Laporan tersebut juga menunjukkan bahwa situasinya kini berbeda dengan sebelumnya, di mana Tentara Pembebasan Rakyat (TPR) saat ini memiliki rudal yang cukup untuk menghancurkan senjata canggih AS sebelum mendekati Taiwan.
Menanggapi hal ini, Menteri Pertahanan Nasional (MND), Wellington Koo (顧立雄) menyatakan bahwa dirinya tidak dapat memastikan isi lengkap dari dokumen yang diklaim rahasia oleh media asing tersebut.
Namun, ia menekankan bahwa strategi keamanan nasional terbaru AS telah menegaskan bahwa perdamaian dan stabilitas Indo Pasifik adalah kepentingan inti Amerika Serikat.
AS harus memastikan bahwa pencegahan dicapai melalui kekuatan, dan perdamaian di kawasan Indo Pasifik dicapai melalui pencegahan, ini adalah kepentingan utama AS.

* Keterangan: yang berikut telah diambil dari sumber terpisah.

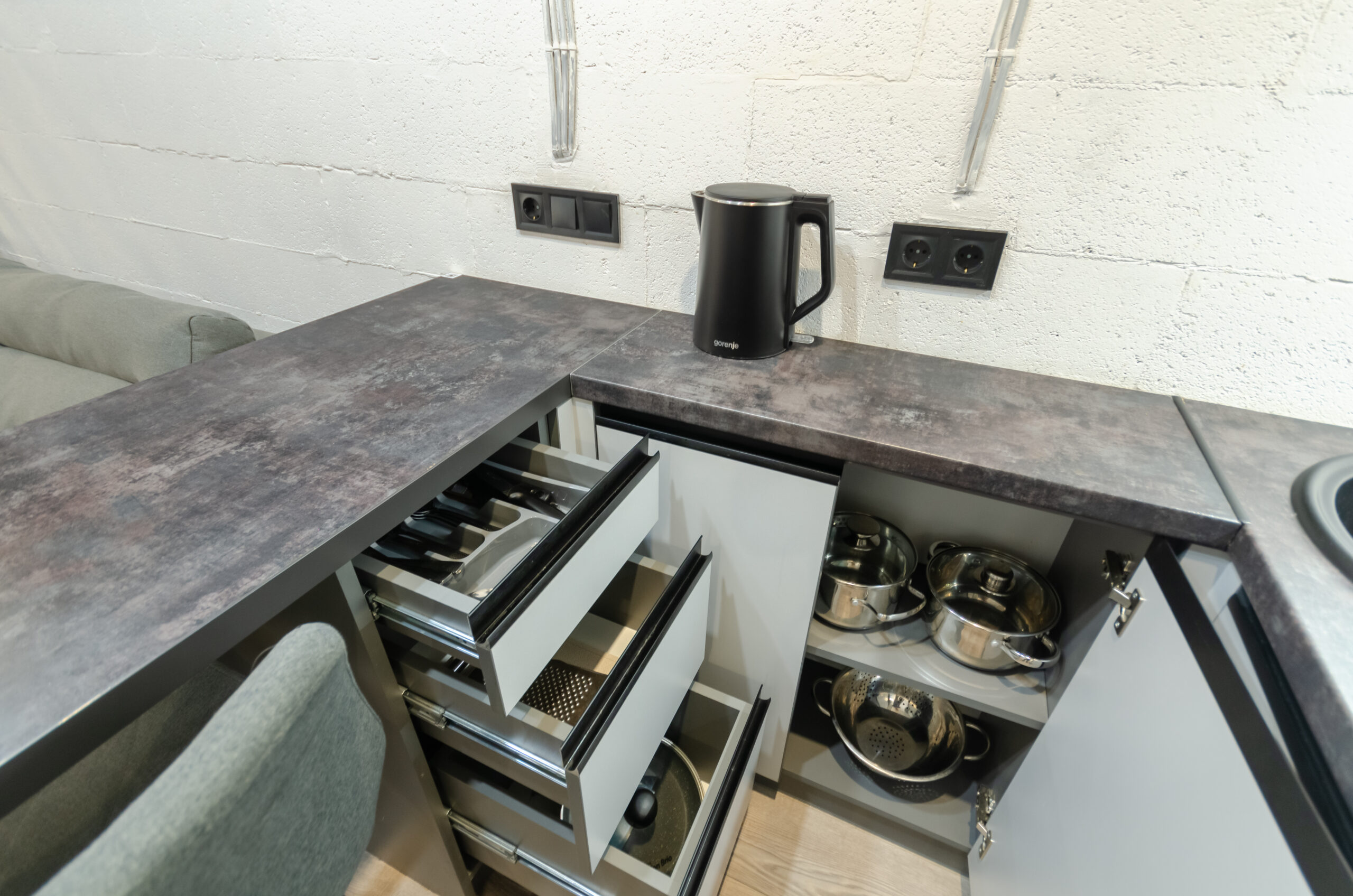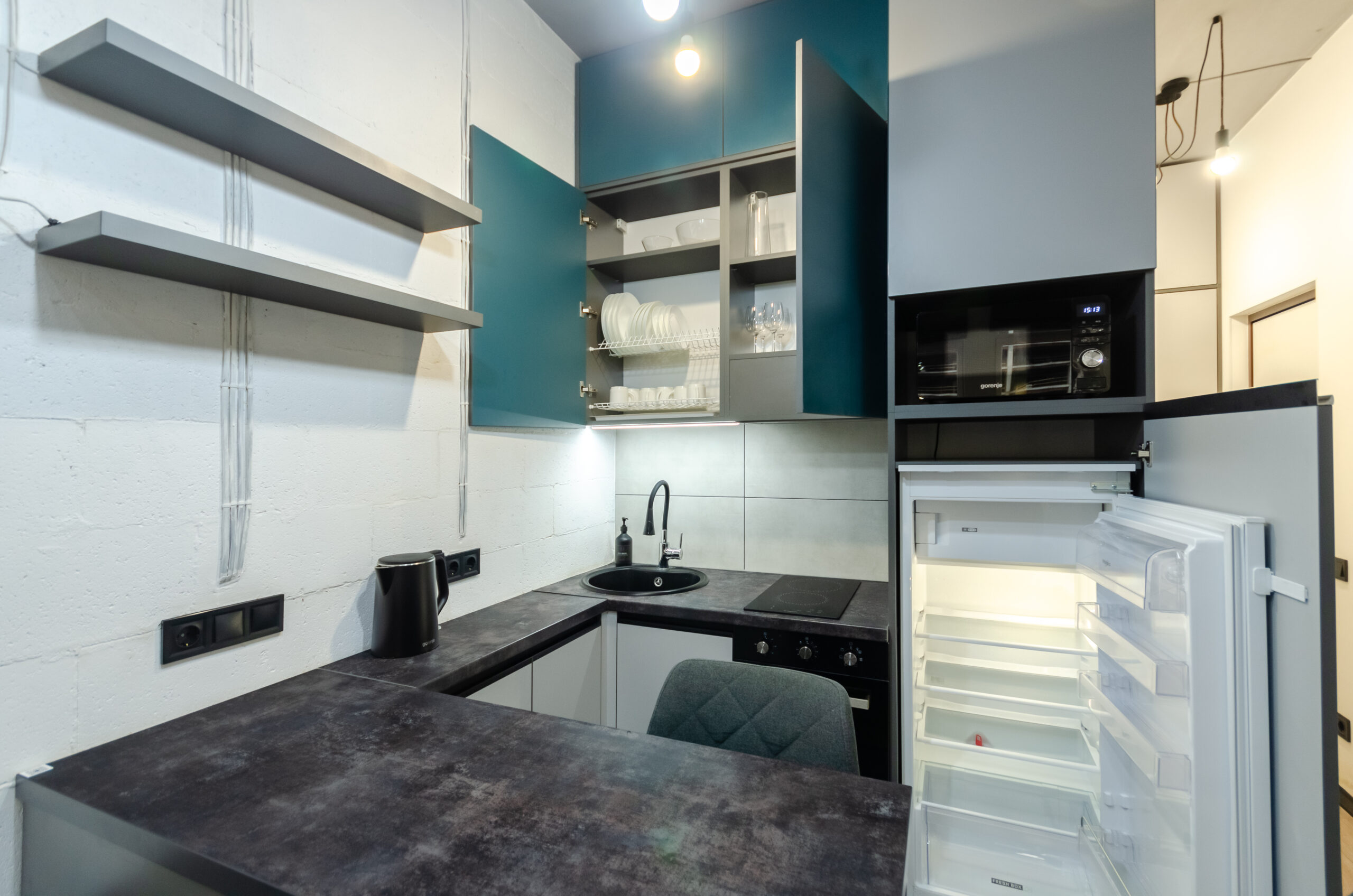 *kitchen area: (refrigerator, microwave oven, kettle, electric stove, pots, pans, all necessary dishes, cups, glasses, dining area).
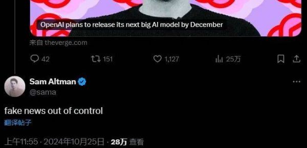 就在科技圈为“GPT-5”终于到来雀跃不已时,OpenAI首席执行官奥尔特曼迅速公开辟谣称,现在假新闻多到失控了。
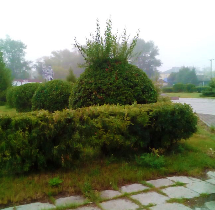 Это некачественная обрезка кустарников на Мемориале в Барабинске или бесконтрольность? Спрашивает Петр, читатель газеты «Аспект».
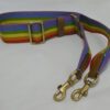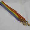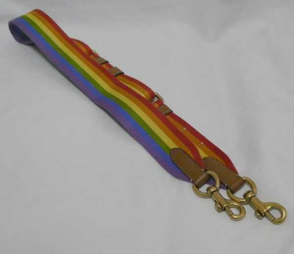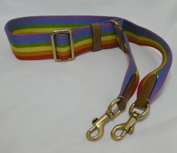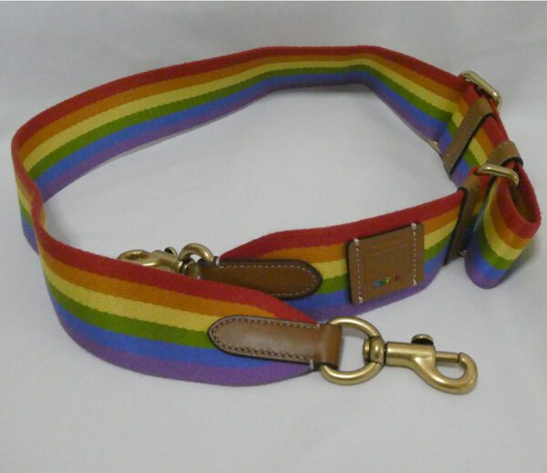 It is made from rainbow coloured webbing with tan smooth leather trim and brass hardware
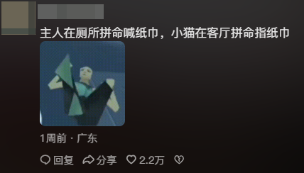 而当主人如法炮制,一连发布了好几个教它学“纸巾”的视频后,网友开始好奇,为啥开门妈这么执着于纸巾教学?

Wellington Koo mengatakan, “Amerika Serikat juga berharap dapat bekerja sama dengan negara-negara di rantai pulau pertama, untuk bersama-sama mencapai pencegahan yang efektif. Semua pihak harus memperkuat kemampuan pertahanan diri masing-masing. Taiwan, sebagai garis depan pulau pertama yang menghadapi ancaman Tiongkok, maka tentu saja harus lebih memperkuat kemampuan pertahanan diri kami. Inilah alasan mengapa kami mengajukan anggaran khusus.”
Wellington Koo menekankan bahwa ketika semua rakyat telah bersiap dengan baik, dan ketahanan pertahanan seluruh masyarakat semakin kuat, maka semakin mampu menghadapi semua kemungkinan keadaan darurat dan bencana besar.
Mengenai Direktur American Institute in Taiwan (AIT), Raymond Greene, yang mengapresiasi usulan Presiden Lai Ching-te (賴清德) untuk anggaran khusus pertahanan sebesar NT$1,25 triliun sebagai langkah penting dalam meningkatkan perdamaian melalui pencegahan.
Wellington Koo menyatakan bahwa posisi MND sejalan dengan pernyataan Raymod Greene, yaitu pencegahan melalui kekuatan, dan perdamaian dicapai melalui pencegahan. Inilah juga alasannya diajukan anggaran khusus pertahanan sebesar NT$1,25 triliun.
Hanya dengan memperkuat kemampuan pertahanan Taiwan dan bersama sama dengan negara lain di kawasan Indo Pasifik membentuk pencegahan yang efektif, maka barulah perdamaian dapat benar-benar terwujud.